-- Opening Marker --

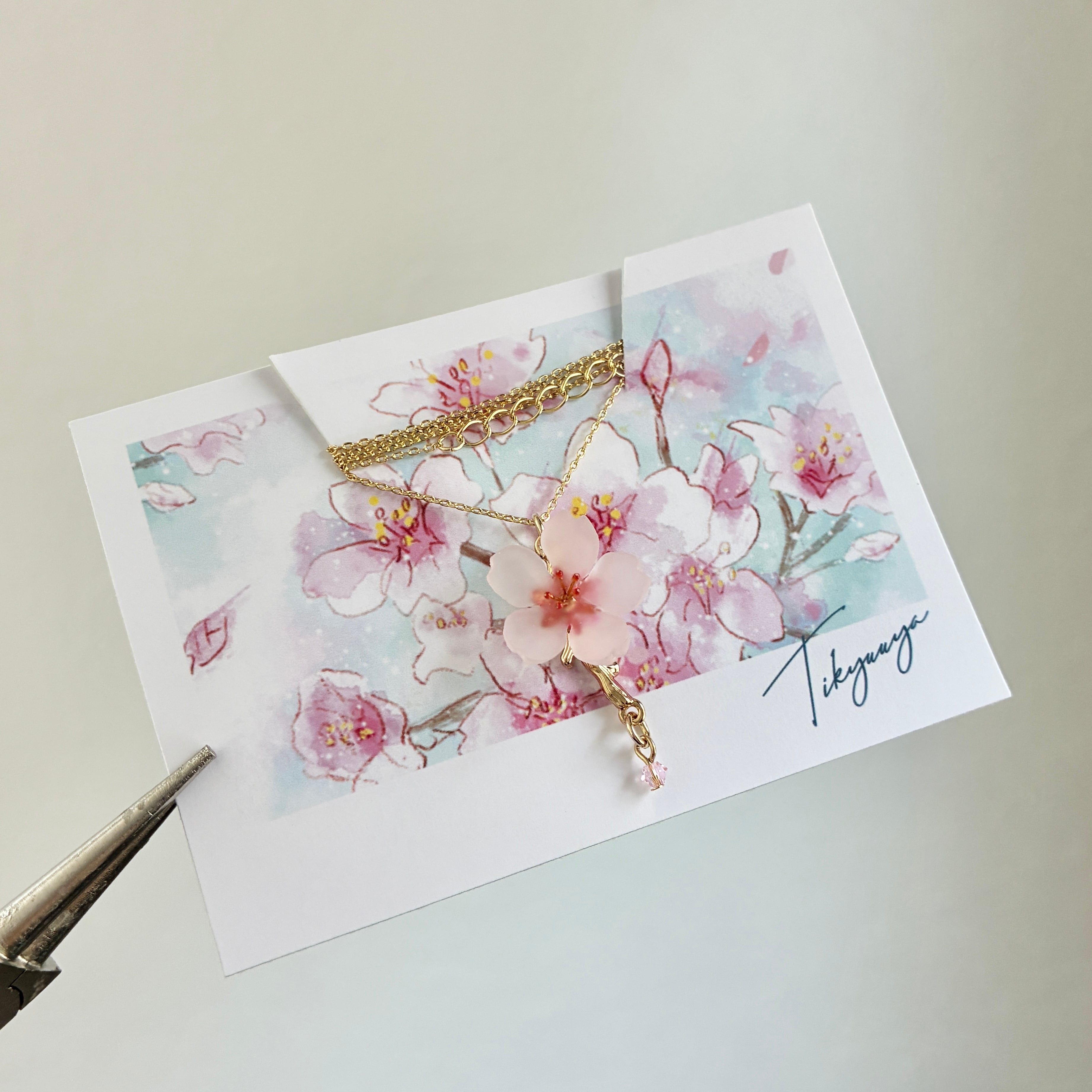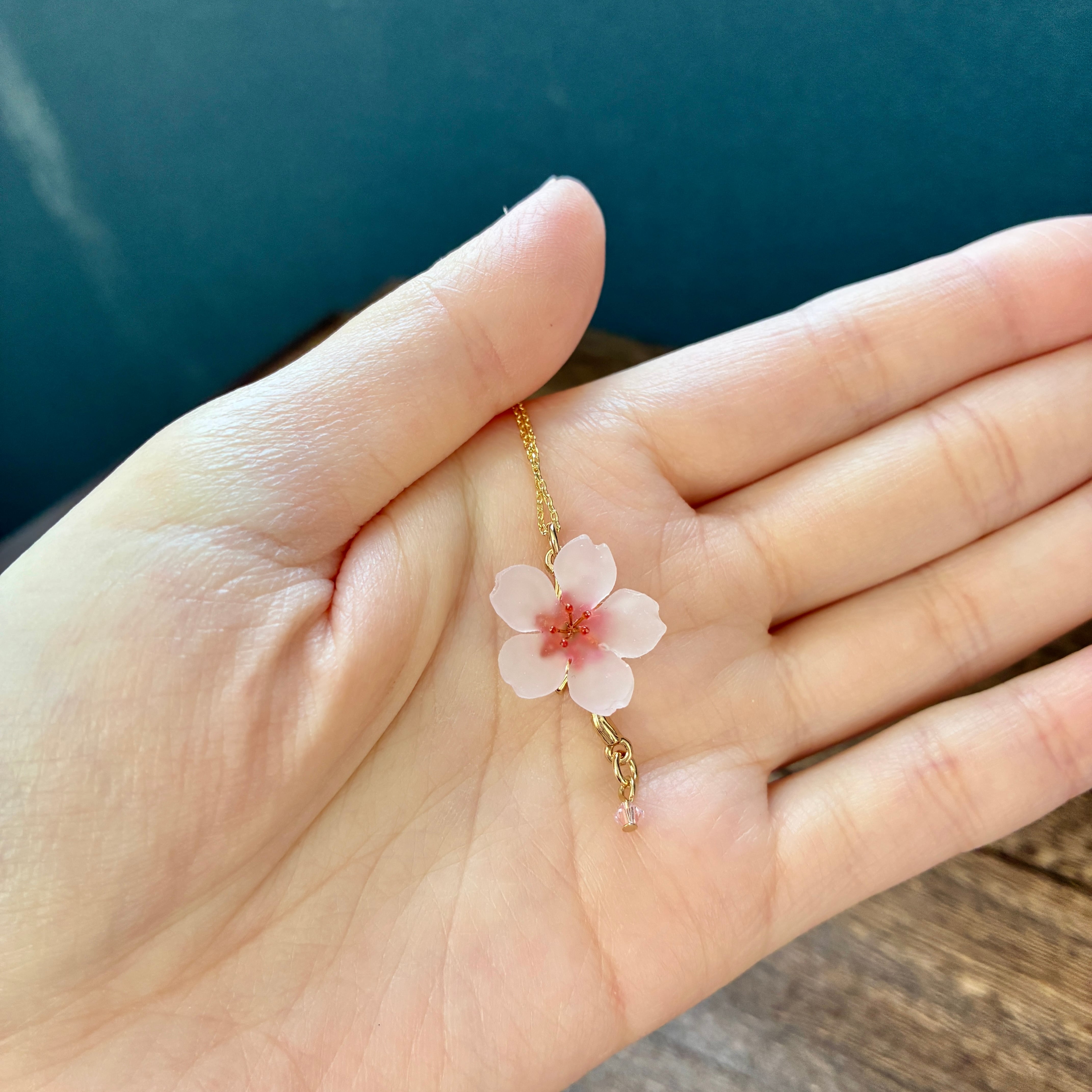 一輪の桜のモチーフをシンプルなネックレスに仕立てました。
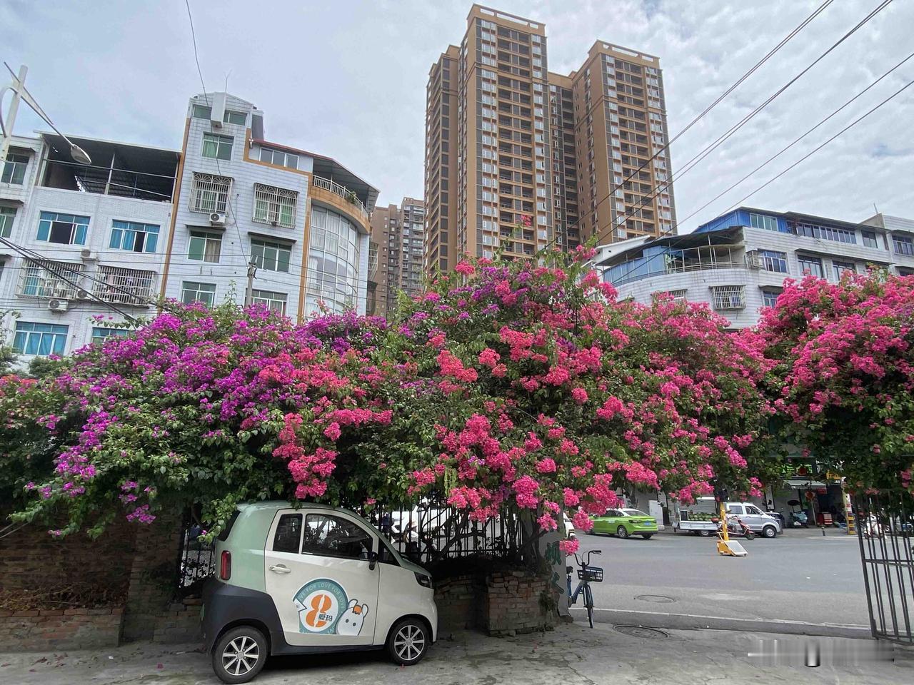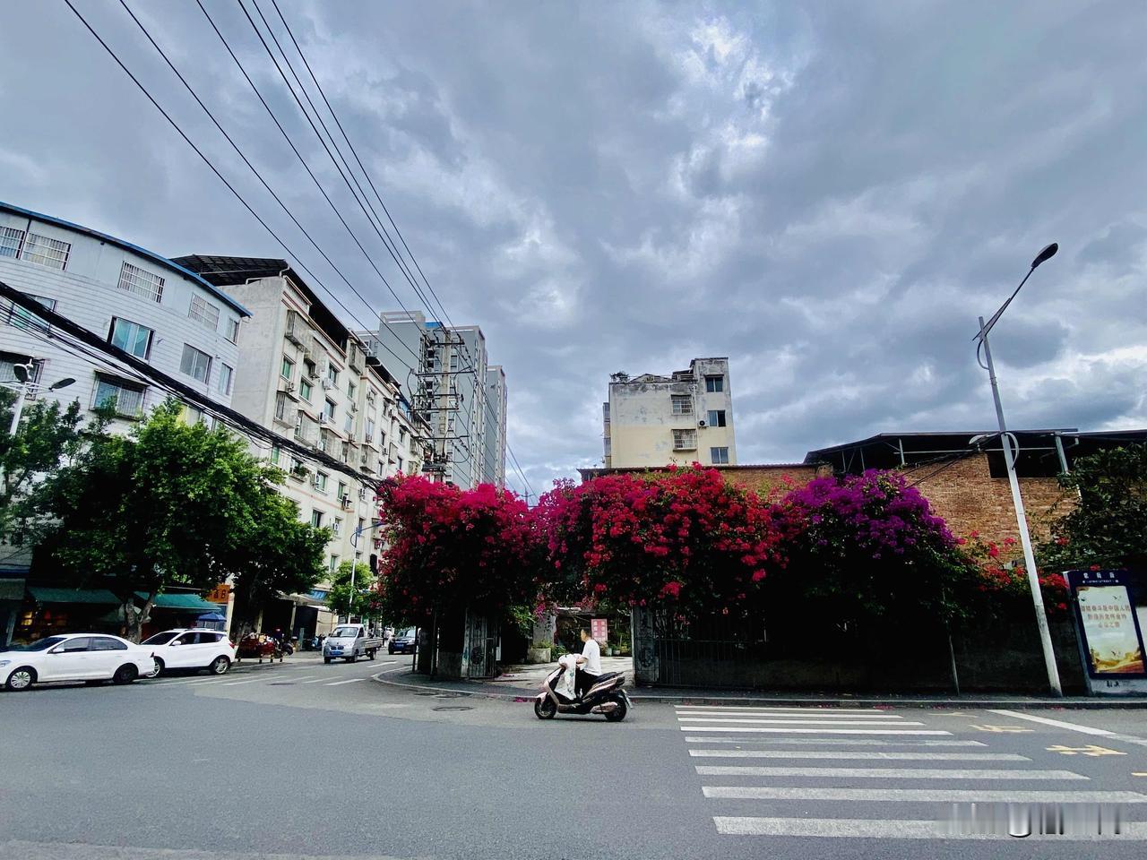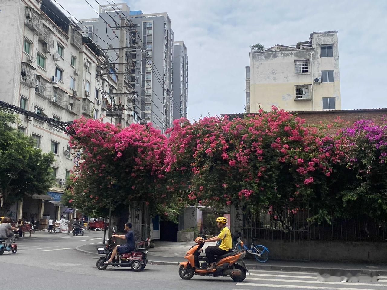 射洪紫薇街和太空路十字路口的张家院子,大门口有几株三角梅,感觉每个月都要爆花一次
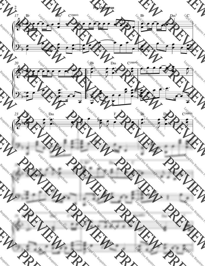 이번악보는 Coldplay 와 방탄소년단의 콜라보 곡인 My Universe 입니다~
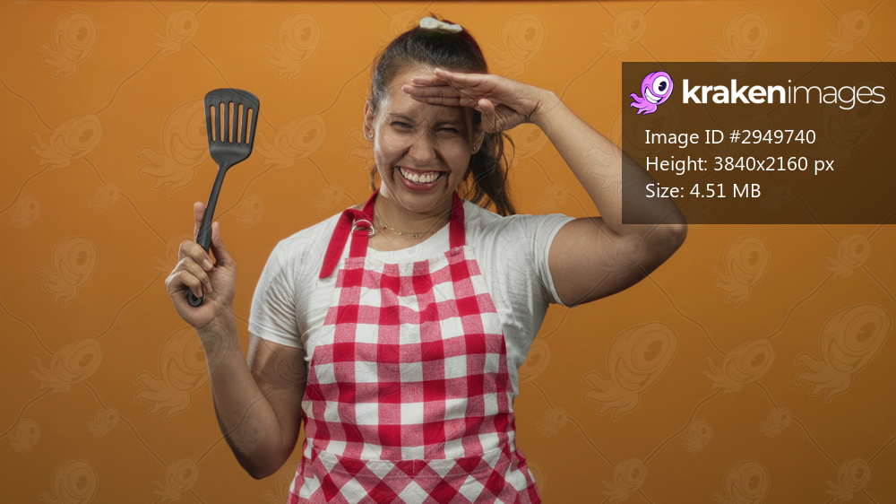 Woman wearing red and white check apron and white t shirt holding spatula with hand shading eyes in orange studio; joy playful cooking moment.
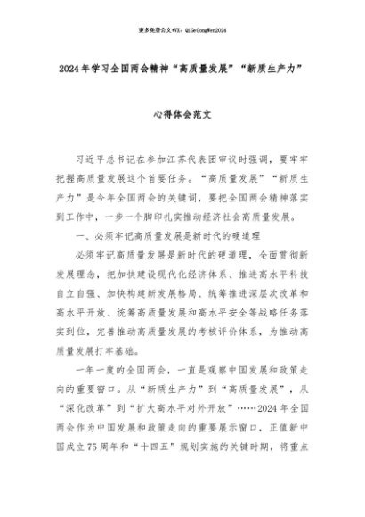 【七哥公文】2024年:2024年学习全国两会精神“高质量发展”“新质生产力”心得体会范文+更多免费公文+VX:QiGeGongWen2024

-- Closing Marker --

TASK OBJECTIVE »
Only the lines from the one holding "이번악보는 Coldplay 와" through the end of the data are to be printed, exactly as they stand and with no pictures.

RESULT OF THE EXERCISE »
 이번악보는 Coldplay 와 방탄소년단의 콜라보 곡인 My Universe 입니다~
 Woman wearing red and white check apron and white t shirt holding spatula with hand shading eyes in orange studio; joy playful cooking moment.
 【七哥公文】2024年:2024年学习全国两会精神“高质量发展”“新质生产力”心得体会范文+更多免费公文+VX:QiGeGongWen2024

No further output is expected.